09 July 2009

Tangier.

Sorry I haven’t written in a while. It’s just that … well, it’s summer school. And also, this page hasn't been loading for the past few days. So I've been trying, really!

But anyway, we’re in Tangier now, at the American school, have been for over two weeks. The campus consists of a building of classrooms, two dorms (separate for guys and girls, but each with a common room that people of either gender may enter), a cafeteria in the guys’ dorm where they provide us with breakfast and lunch every day, and a playground, because this is after all a school and not a university. There’s flowers, palm trees, and among the most beautiful sunsets I’ve ever seen. It’s actually really nice.

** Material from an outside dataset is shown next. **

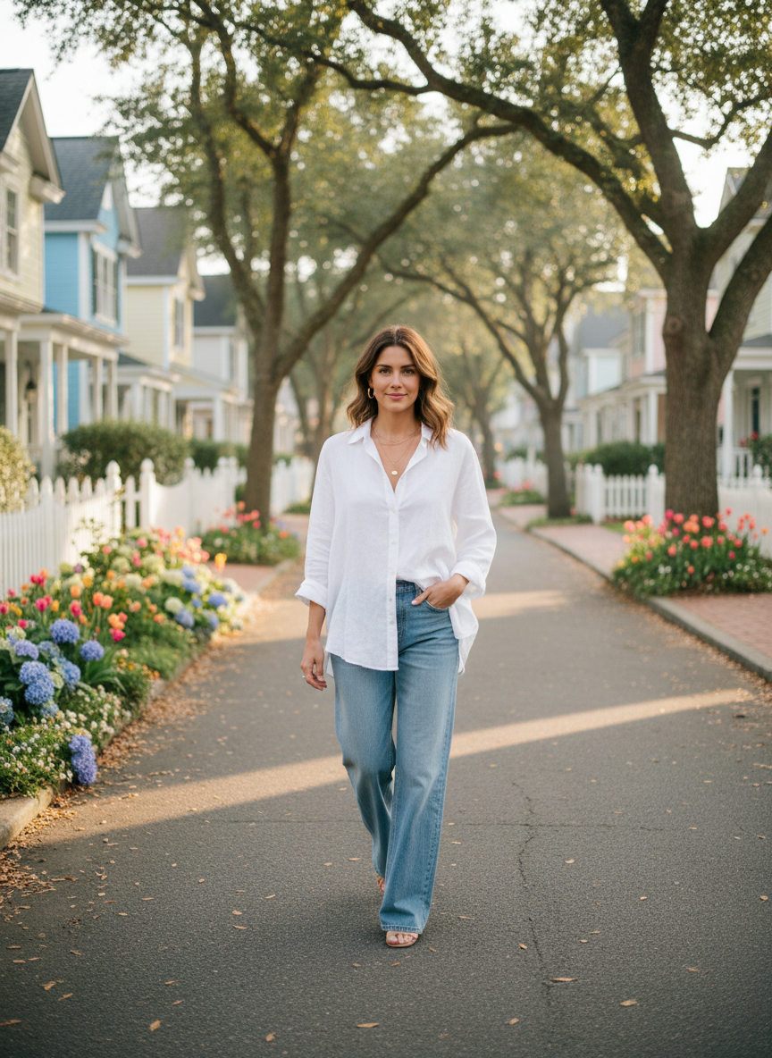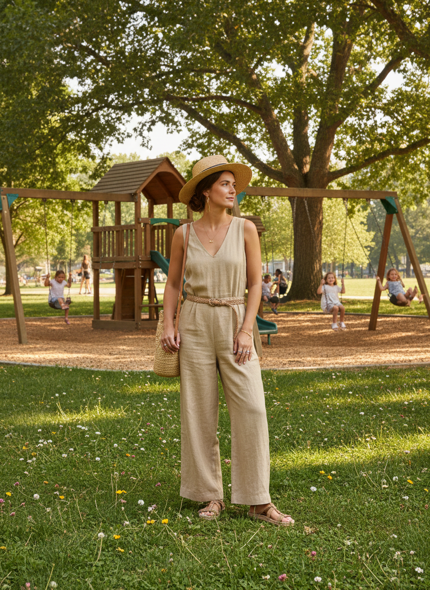 A linen jumpsuit is the ultimate one-and-done piece for busy mornings. The fabric breathes so well on those super hot afternoons at the playground. You get to look instantly polished without trying too hard to coordinate a top and bottom.

And the girls’ dorm is air conditioned, so that’s a plus, although really the weather here is pretty temperate. Better than Indiana definitely.

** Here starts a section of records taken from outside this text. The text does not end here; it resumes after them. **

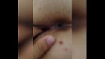 In her underwear, a pregnant wife masturbates her hairy, fat pussy. amateur.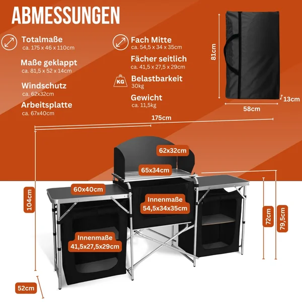 Mit drei geräumigen Reißverschluss-Stoffschränken bietet die Campingküche reichlich Platz für alle notwendigen Küchenutensilien. Die beiden äußeren Schränke sind mit stabilen Regalböden ausgestattet, die zusätzlichen Stauraum bieten und Ordnung schaffen. Ihre Kompaktheit und der einfache Aufbau machen diese Küche zu einem praktischen Begleiter auf allen Abenteuern.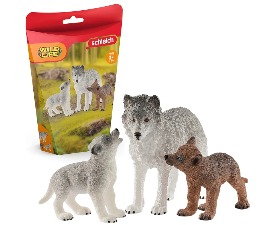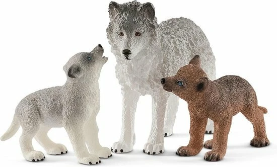 Deze Schleich wolven speelset van Schleich bevat een moederwolf met twee welpen. De Schleich wolfjes zijn blind geboren en pas na twee weken gaan langzaam hun oogjes open en beginnen ze de wereld te verkennen. De Schleich wolven zijn pas volwassen en in staat een eigen roedel te vormen als ze twee jaar oud zijn.

The downfall? We’re stuck in a walled compound with four hours of class and about that much homework or more every day, plus other optional classes if you want (I don’t, usually) and required speaking partners for an hour a week and occasional lectures/trips that are kind of a waste of time – spending over two hours at a museum of old stone tools, really? Add a 10:30 curfew on weekdays (midnight on weekends) and “fun” isn’t really a huge option, although we do get glimpses of it. And I mean, getting delicious mint tea between classes always makes one feel better.

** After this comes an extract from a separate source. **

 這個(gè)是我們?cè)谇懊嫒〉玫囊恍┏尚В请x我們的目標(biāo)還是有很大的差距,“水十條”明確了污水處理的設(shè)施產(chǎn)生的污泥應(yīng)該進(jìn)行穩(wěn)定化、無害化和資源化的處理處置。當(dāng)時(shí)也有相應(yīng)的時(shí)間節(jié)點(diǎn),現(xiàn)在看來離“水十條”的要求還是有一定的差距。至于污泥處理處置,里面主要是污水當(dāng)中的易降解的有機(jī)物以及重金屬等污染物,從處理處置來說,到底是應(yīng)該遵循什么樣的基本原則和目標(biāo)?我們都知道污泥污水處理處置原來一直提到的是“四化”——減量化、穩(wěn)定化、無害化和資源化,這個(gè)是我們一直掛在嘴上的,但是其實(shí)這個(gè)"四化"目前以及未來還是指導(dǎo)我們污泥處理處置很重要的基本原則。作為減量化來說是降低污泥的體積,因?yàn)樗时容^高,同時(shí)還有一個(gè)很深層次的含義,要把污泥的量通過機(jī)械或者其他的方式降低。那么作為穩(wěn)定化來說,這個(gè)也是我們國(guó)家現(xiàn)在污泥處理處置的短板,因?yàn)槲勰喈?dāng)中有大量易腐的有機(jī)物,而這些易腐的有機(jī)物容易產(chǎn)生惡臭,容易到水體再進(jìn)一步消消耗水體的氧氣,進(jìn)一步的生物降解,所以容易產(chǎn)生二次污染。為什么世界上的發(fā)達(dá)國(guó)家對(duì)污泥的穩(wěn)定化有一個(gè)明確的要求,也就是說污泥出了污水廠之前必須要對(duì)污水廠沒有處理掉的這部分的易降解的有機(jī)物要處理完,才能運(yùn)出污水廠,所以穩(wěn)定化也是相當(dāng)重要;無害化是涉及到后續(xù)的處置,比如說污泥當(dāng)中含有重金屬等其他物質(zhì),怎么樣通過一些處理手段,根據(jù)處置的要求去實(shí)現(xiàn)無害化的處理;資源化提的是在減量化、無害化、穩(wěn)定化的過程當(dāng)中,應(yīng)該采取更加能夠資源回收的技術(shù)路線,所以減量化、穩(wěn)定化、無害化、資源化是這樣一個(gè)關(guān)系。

Despite my griping, there has been the occasional day when I didn’t have an insurmountable amount of homework. I spent one of these walking along the esplanade for a couple of hours, which was beautiful, although I didn't really take any pictures. However, I do have some snapshots of the sea, taken from the American Legation Museum and the Kasbah respectively:

So that's nice. The land in the first picture is part of Morocco, but if you stand in the same spot and turn left, you can see Spain in the distance.

On an unrelated note, interacting with people is not something that happens much, especially since most of them speak French first, Moroccan dialect second, and Modern Standard Arabic never. I have had a pretty successful conversation with a cab driver on the way to Marjane (the Moroccan Wal*Mart, basically) in Arabic, so that was cool, but also a rarity. Then again, so is getting out of the compound for any extended amount of time. Ho-hum school.